Usage

This part of the documentation explains how to access the database.

Access rights

In a PostgreSQL database, roles can be defined which allows to manage the access on different levels.

Most basics roles are defined as such:

Role	SELECT	INSERT	UPDATE	DELETE	CREATE/DROP	MANAGE USERS
Admin	✅	✅	✅	✅	✅	✅
Modifier	✅	✅	✅	✅	❌	❌
Reader	✅	❌	❌	❌	❌	❌

Depending on the use you will have with the main database, you will get one of those roles.

Moreover, for a given project, you can be given a more complete access to a slice of the main database. This will be discussed further.

Basic access

Most of users do not need to modify the database, but only to use the data contained. To do so, the most generic access - a reader user - should be used, with the credentials below.

QBuildings reader credentials

[Full Switzerland database]
type     = postgres
host     = qbuildings.epfl.ch
port     = 5432
database = QBuildings-Suisse
username = public_user
password = password

[Geneva region database]
type     = postgres
host     = ipese-web.epfl.ch
port     = 4443
database = QBuildings-Geneva
username = public_user
password = password

They are several softwares that provides an interface to get inside a PostgreSQL database. Here is a non-exhaustive list of what could be useful.

QGIS - a geographical view of the data

Open the Browser panel and connect to PostGIS by opening a new connection

Fill in the credentials from Section 2 in the window. Pay attention to go to the Basic tab.

Note

Once connected, you are free to load the tables on the map, select the elements as you would do for any layers in QGIS and export the selection in a file (gpkg, shp).

IDE - an access in your coding environment

Several IDEs provides a panel to access a database. The principle is the same every time so let’s explain how to connect in the two most common ones.

Pycharm

Pycharm sells itself as an IDE where everything is already integrated for you. And they do have a database tab.

Open the Database panel and add a connection and find PostgreSQL in the Data Source list.

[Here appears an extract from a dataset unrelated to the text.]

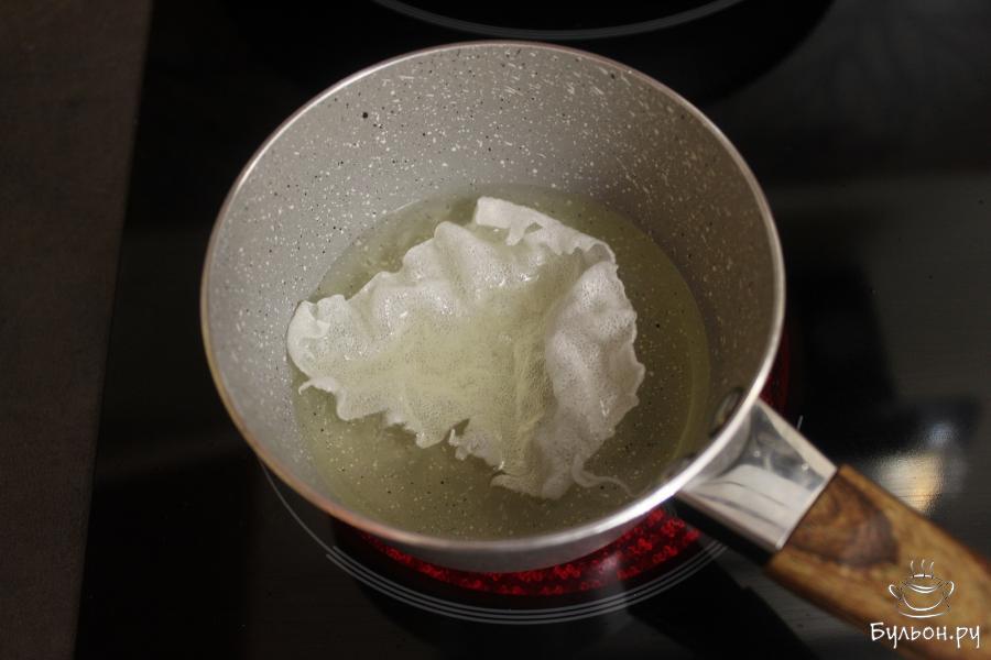 3. Выложите кусочек рисовой бумаги в разогретое масло и, как только он побелеет, сразу вытащите его. Ни в коем случае не пережаривайте чипсы, иначе они получатся слишком жесткими.

Again, fill in the credentials from Section 2 in the window. The Name field can be defined freely, whereas Database should be exact.

Visual Studio Code

On the contrary, Visual Studio Code relies on a huge community that develops Extensions. Many are available again, the use of Database Client is recommended.

Open the Extension panel and look for Database Client.

Fill in the credentials. Pay attention to open the tab PostgreSQL.

Note

Once connected, you can do SQL queries that correspond to the rights that you have (see Section 1).

Those tools also provide options to export your selection in a file (csv, gpkg, …). That gives an easy option to manipulate further the data in code with library such as pandas or geodataframe.

Access in code

You may need to get the data directly through SQL requests, in code. The python QBuildings repository is not packaged at the moment. Some code snippets in python are provided below for the functions that will be useful in case you need to manipulate the data in code.

It relies mostly on SQLAlchemy and pandas/geopandas modules to connect to the database.

1. Connect to the database

The connection is establish by creating an engine with the credentials. Classically, you keep them in a separated file such as an .ini.

name_of_db.ini

[database]
type = postgres
host = host_adress
port = 12345
database = QBuildings-name_of_db
username = your_username
password = your_password

establish_connection

from sqlalchemy import create_engine, MetaData, select
import configparser


def establish_connection(db, schema):
    """
    :param db: Name of the database to which we want to connect - Suisse, Geneva, ...
    :param schema: Name of the schema you want to connect to - Aggregated, Processed, Smoothed
    """
    # Database connection
    file_ini = your_own_path + "/" + db + ".ini"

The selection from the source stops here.